GIVEN MATERIAL
*-*-*

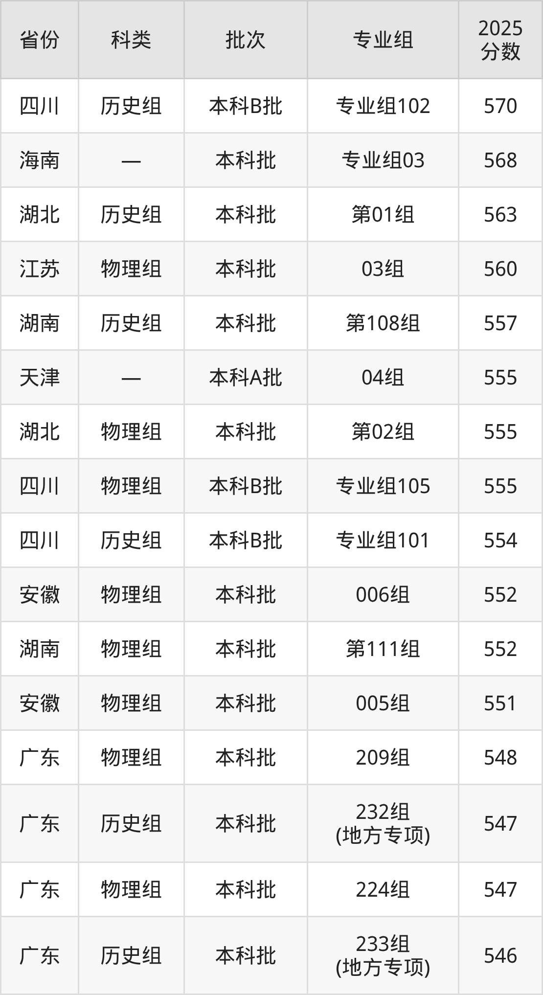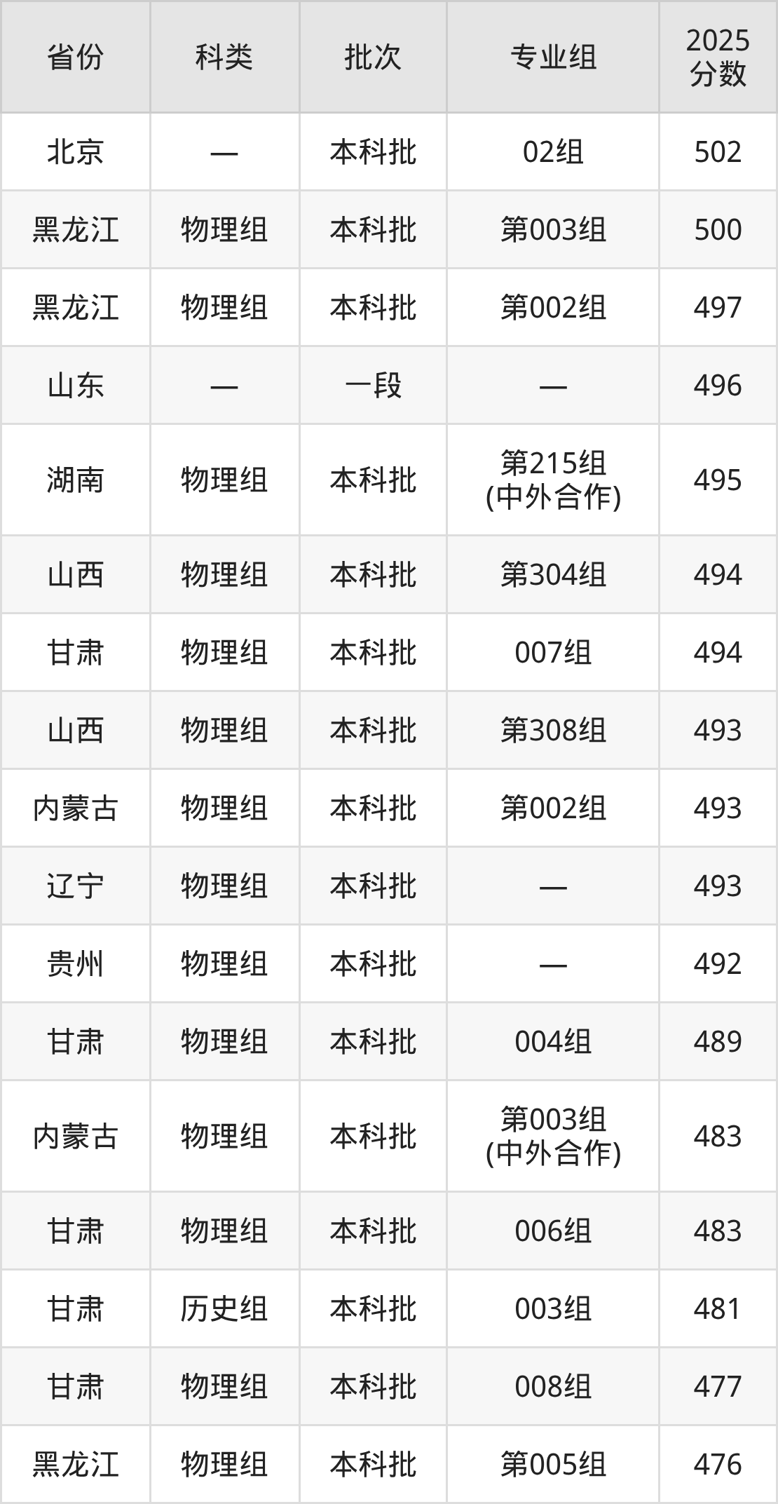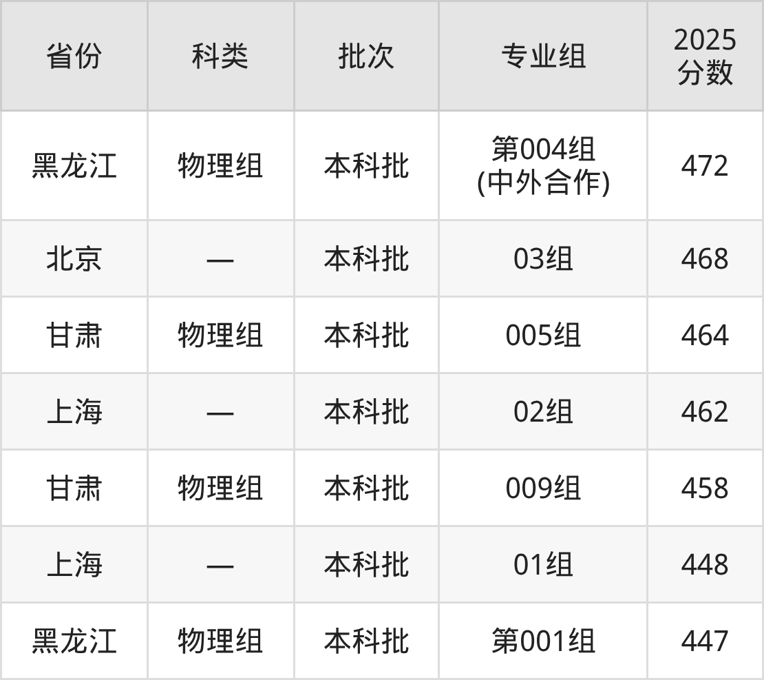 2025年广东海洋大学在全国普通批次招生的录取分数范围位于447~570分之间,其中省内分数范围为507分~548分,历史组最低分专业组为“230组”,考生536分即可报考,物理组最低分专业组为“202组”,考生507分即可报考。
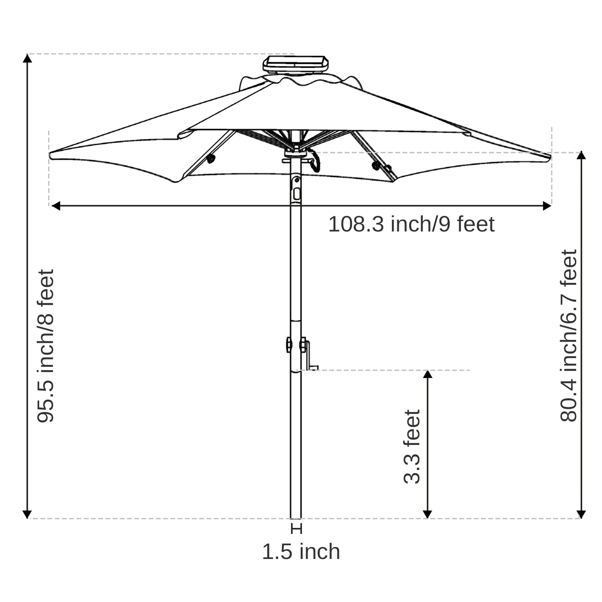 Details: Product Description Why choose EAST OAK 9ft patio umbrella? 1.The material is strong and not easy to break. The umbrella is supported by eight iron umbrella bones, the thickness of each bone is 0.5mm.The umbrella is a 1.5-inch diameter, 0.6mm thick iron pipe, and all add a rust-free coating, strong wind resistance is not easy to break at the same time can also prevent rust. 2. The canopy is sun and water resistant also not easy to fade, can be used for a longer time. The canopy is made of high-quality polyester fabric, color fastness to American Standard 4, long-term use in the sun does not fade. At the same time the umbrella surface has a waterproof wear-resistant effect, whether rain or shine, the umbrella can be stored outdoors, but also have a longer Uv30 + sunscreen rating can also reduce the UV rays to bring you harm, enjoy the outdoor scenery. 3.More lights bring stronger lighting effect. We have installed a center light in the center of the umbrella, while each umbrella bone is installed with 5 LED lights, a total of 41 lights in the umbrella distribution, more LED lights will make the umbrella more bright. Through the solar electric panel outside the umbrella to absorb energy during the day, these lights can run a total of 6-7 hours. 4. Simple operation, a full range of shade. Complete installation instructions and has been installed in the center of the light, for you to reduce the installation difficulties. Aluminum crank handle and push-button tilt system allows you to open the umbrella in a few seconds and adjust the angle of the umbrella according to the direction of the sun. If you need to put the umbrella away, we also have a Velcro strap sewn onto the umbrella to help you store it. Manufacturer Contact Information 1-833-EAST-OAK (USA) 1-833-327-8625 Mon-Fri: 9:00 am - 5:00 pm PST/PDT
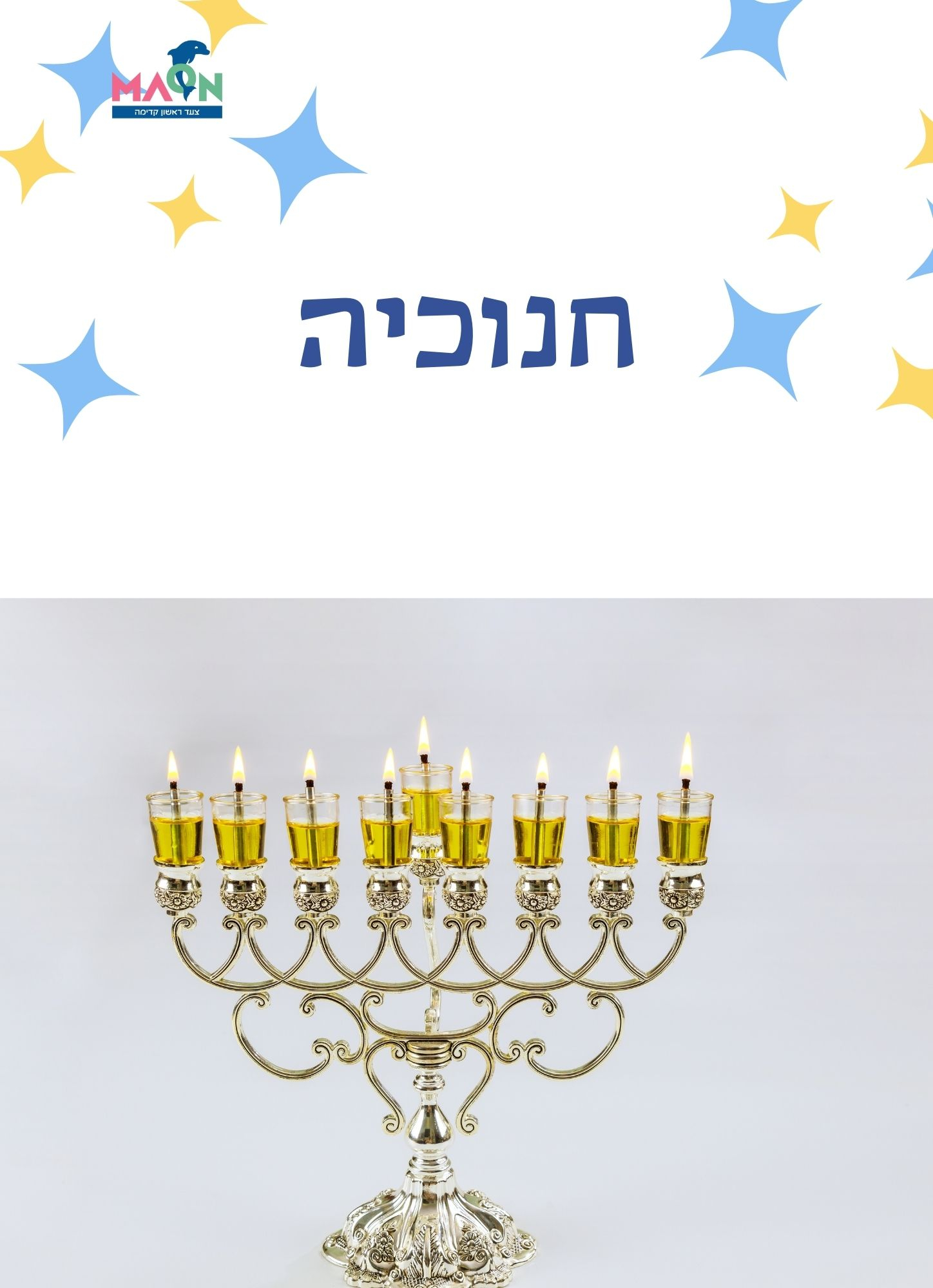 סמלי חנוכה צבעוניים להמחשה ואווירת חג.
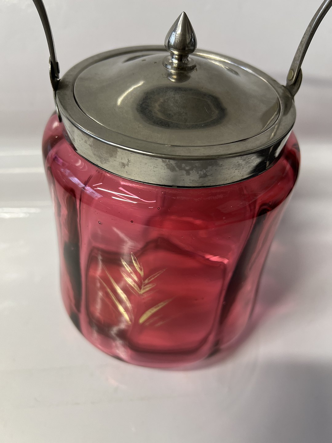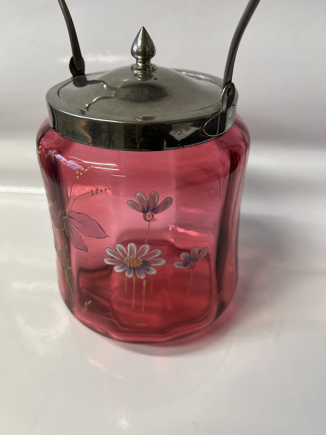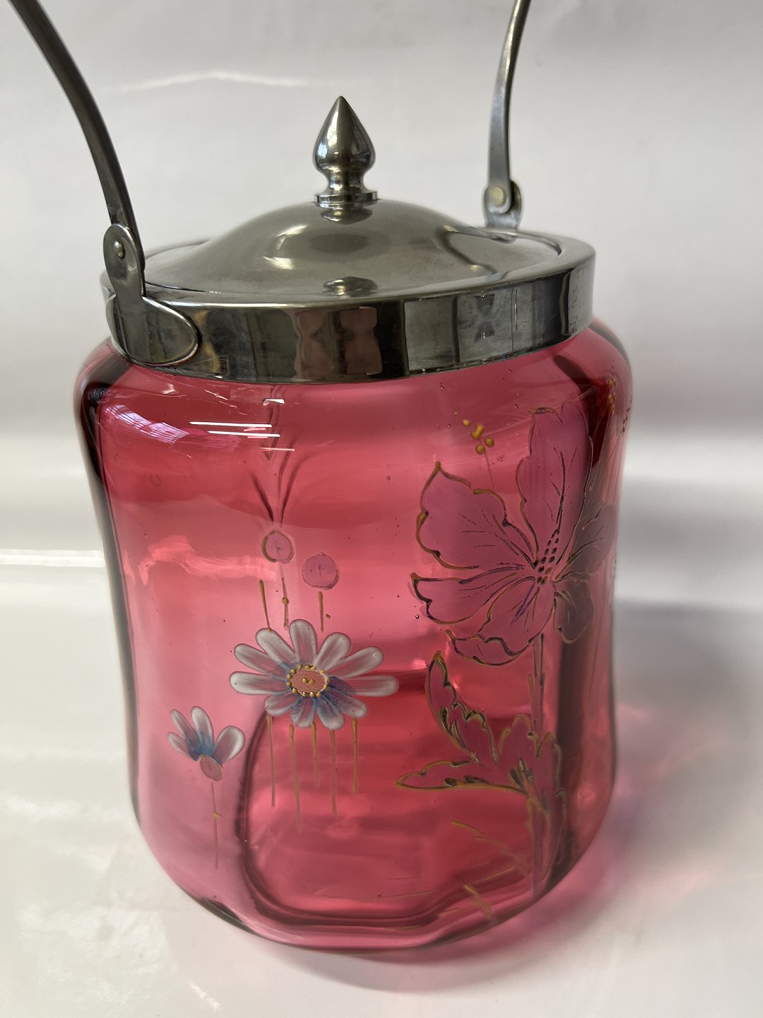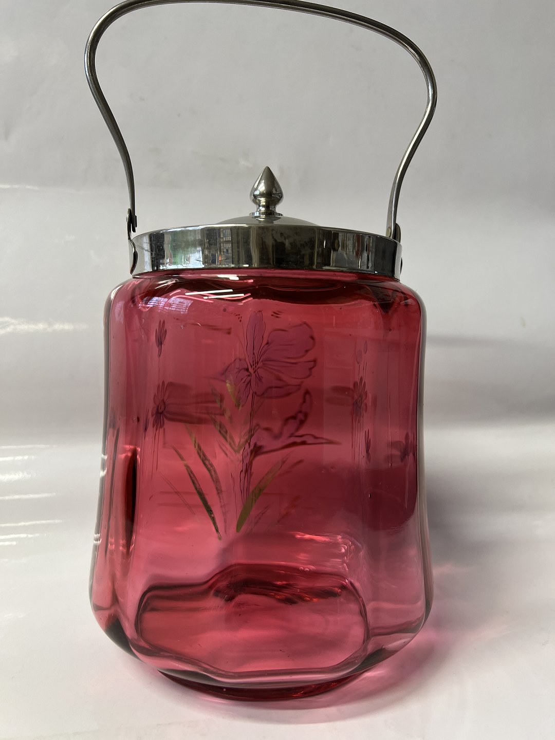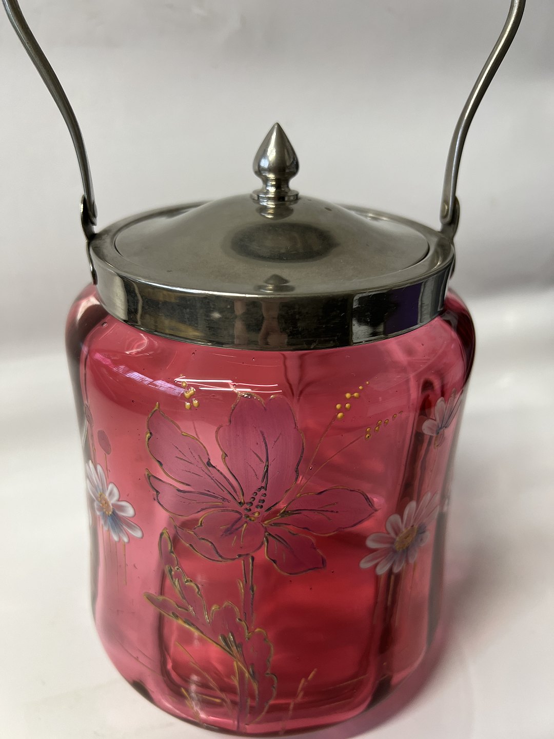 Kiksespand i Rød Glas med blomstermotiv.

*-*-*

When repeating the material above, keep every line exact and drop all pictures.

SOLUTION FOR THIS EXERCISE
 2025年广东海洋大学在全国普通批次招生的录取分数范围位于447~570分之间,其中省内分数范围为507分~548分,历史组最低分专业组为“230组”,考生536分即可报考,物理组最低分专业组为“202组”,考生507分即可报考。
 Details: Product Description Why choose EAST OAK 9ft patio umbrella? 1.The material is strong and not easy to break. The umbrella is supported by eight iron umbrella bones, the thickness of each bone is 0.5mm.The umbrella is a 1.5-inch diameter, 0.6mm thick iron pipe, and all add a rust-free coating, strong wind resistance is not easy to break at the same time can also prevent rust. 2. The canopy is sun and water resistant also not easy to fade, can be used for a longer time. The canopy is made of high-quality polyester fabric, color fastness to American Standard 4, long-term use in the sun does not fade. At the same time the umbrella surface has a waterproof wear-resistant effect, whether rain or shine, the umbrella can be stored outdoors, but also have a longer Uv30 + sunscreen rating can also reduce the UV rays to bring you harm, enjoy the outdoor scenery. 3.More lights bring stronger lighting effect. We have installed a center light in the center of the umbrella, while each umbrella bone is installed with 5 LED lights, a total of 41 lights in the umbrella distribution, more LED lights will make the umbrella more bright. Through the solar electric panel outside the umbrella to absorb energy during the day, these lights can run a total of 6-7 hours. 4. Simple operation, a full range of shade. Complete installation instructions and has been installed in the center of the light, for you to reduce the installation difficulties. Aluminum crank handle and push-button tilt system allows you to open the umbrella in a few seconds and adjust the angle of the umbrella according to the direction of the sun. If you need to put the umbrella away, we also have a Velcro strap sewn onto the umbrella to help you store it. Manufacturer Contact Information 1-833-EAST-OAK (USA) 1-833-327-8625 Mon-Fri: 9:00 am - 5:00 pm PST/PDT
 סמלי חנוכה צבעוניים להמחשה ואווירת חג.
 Kiksespand i Rød Glas med blomstermotiv.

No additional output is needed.